Ian Blackford has been ordered to leave the House of Commons for failing to withdraw claims that Boris Johnson had misled MPs.
The SNP Westminster leader walked out of the chamber following exchanges with the Prime Minister over alleged lockdown-busting parties in Downing Street and Whitehall.
Speaker Sir Lindsay Hoyle asked Blackford to confirm he had withdrawn his claims. Blackford replied: “That the Prime Minister may have inadvertently misled the House.”
Sir Lindsay countered: “To help me help the House, you’ve withdrawn your earlier comment and replaced it with ‘inadvertently’?”
Blackford said: “It’s not my fault if the Prime Minister can’t be trusted to tell the truth.”
Amid raucous shouting from the Tory benches, the Speaker said: “Under the power given to me by standing order number 43, I order the honourable member to withdraw immediately from the House.”
Blackford walked out the chamber before the Speaker had finished, with Sir Lindsay noting: “It’s all right, we don’t need to bother.”
Earlier, Blackford had said: “So here we have it. The long-awaited Sue Gray report, what a farce.
“It was carefully engineered to be a fact-finding exercise, with no conclusions. Now we find it’s a fact-finding exercise with no facts.
“So let’s talk facts. The Prime Minister has told the House that all guidance was completely followed, there was no party, Covid rules were followed and that ‘I believed it was a work event’.
“Nobody, nobody believed it then. And nobody, nobody believes you now, Prime Minister.
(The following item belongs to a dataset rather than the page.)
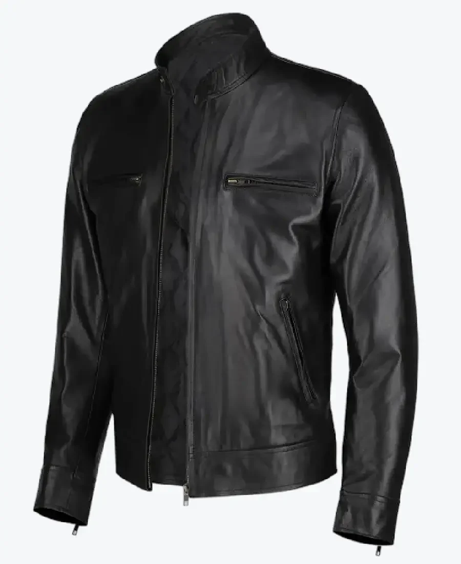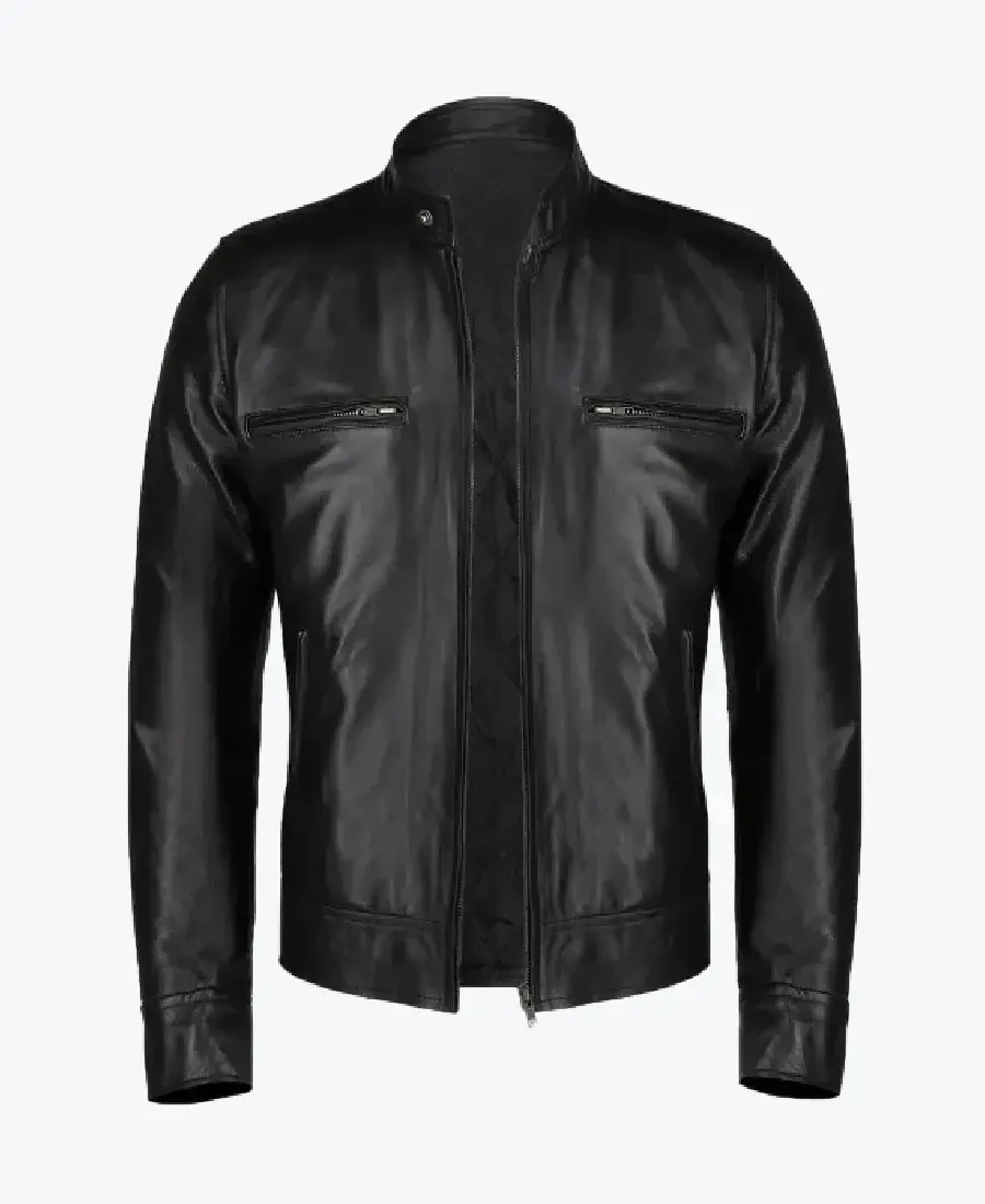 The architecture of this jacket is defined by its ultra-sleek aerodynamic silhouette and an iconic metropolitan “speedway-elite” aesthetic. It features a sharp erect snap-tab collar providing a structured and powerful frame to the neckline that exudes a classic professional vibe with a contemporary urban twist. The front is anchored by a high-performance central silver zipper closure, maintaining a precision tailored fit profile that emphasizes the unique seamless-chest construction and expert anatomical seam detailing. To ensure a custom look and tapered profile at the extremities, the full-length sleeves are finished with high-impact silver zipper cuffs, while the reinforced horizontal panelling at the hem creates a sophisticated architectural volume. Designed for the individual who demands maximum organized utility within a polished frame, this Rare Jackets essential features a strategic five-pocket configuration including two technical horizontal zipper chest pockets, two discreet vertical side entry welt pockets, and a hidden inner pocket—offering secure storage while reinforcing the jacket’s sleek, high-impact silhouette.

That is the crux, no ifs, no buts, he has wilfully misled Parliament.”
A report by senior civil servant Sue Gray catalogued a series of “failures of leadership and judgment” within No 10 and the Cabinet Office while the UK was under coronavirus restrictions in 2020 and 2021.
But she was unable to provide meaningful findings because the police were now investigating at least 12 gatherings linked to government properties.
Johnson had apologised for “things we didn’t get right” shortly before the exchange with Blackford.
The Gray report looked at 16 individual gatherings in Whitehall, including a gathering in the Downing Street garden on May 20, 2020 – during the first coronavirus lockdown when people were only allowed to meet outdoors in pairs.
The report also looked at the Prime Minister’s birthday party on June 19, 2020, when rules in place at the time prohibited most indoor gatherings of more than two people.
Timeline: The 16 parties Gray investigated
• May 15, 2020; a photograph showing a number of groups in the garden of No 10 Downing Street;
• May 20, 2020: a gathering in the garden of No 10 Downing Street for No 10 staff;
• June 18, 2020: a gathering in the Cabinet Office, 70 Whitehall, on the departure of a No 10 private secretary;
• June 19, 2020: a gathering in the Cabinet room in No 10 Downing Street on the Prime Minister’s birthday;
• November 13, 2020: a gathering in the No 10 Downing Street flat; AND a gathering in No 10 Downing Street on the departure of a special adviser;
• November 27, 2020: a gathering in No 10 Downing Street on the departure of a special adviser;
• December 10, 2020: a gathering in the Department for Education ahead of the Christmas break;
• December 15, 2020: a gathering in No 10 Downing Street for an online Christmas quiz;
• December 17, 2020: a gathering in Cabinet Office, 70 Whitehall, to hold an online Christmas quiz for the Cabinet Secretary’s private office; AND a gathering in Cabinet Office, 70 Whitehall, on the departure of a senior Cabinet Office official; AND a gathering in No 10 Downing Street on the departure of a No 10 official;
• December 18, 2020: a gathering in No 10 Downing Street ahead of the Christmas break;
• January 14, 2021; a gathering in No 10 Downing Street on the departure of two No 10 private secretaries;
• April 16, 2021; A gathering in No 10 Downing Street on the departure of a senior No 10 official; AND a gathering in No 10 Downing Street on the departure of another No 10 official.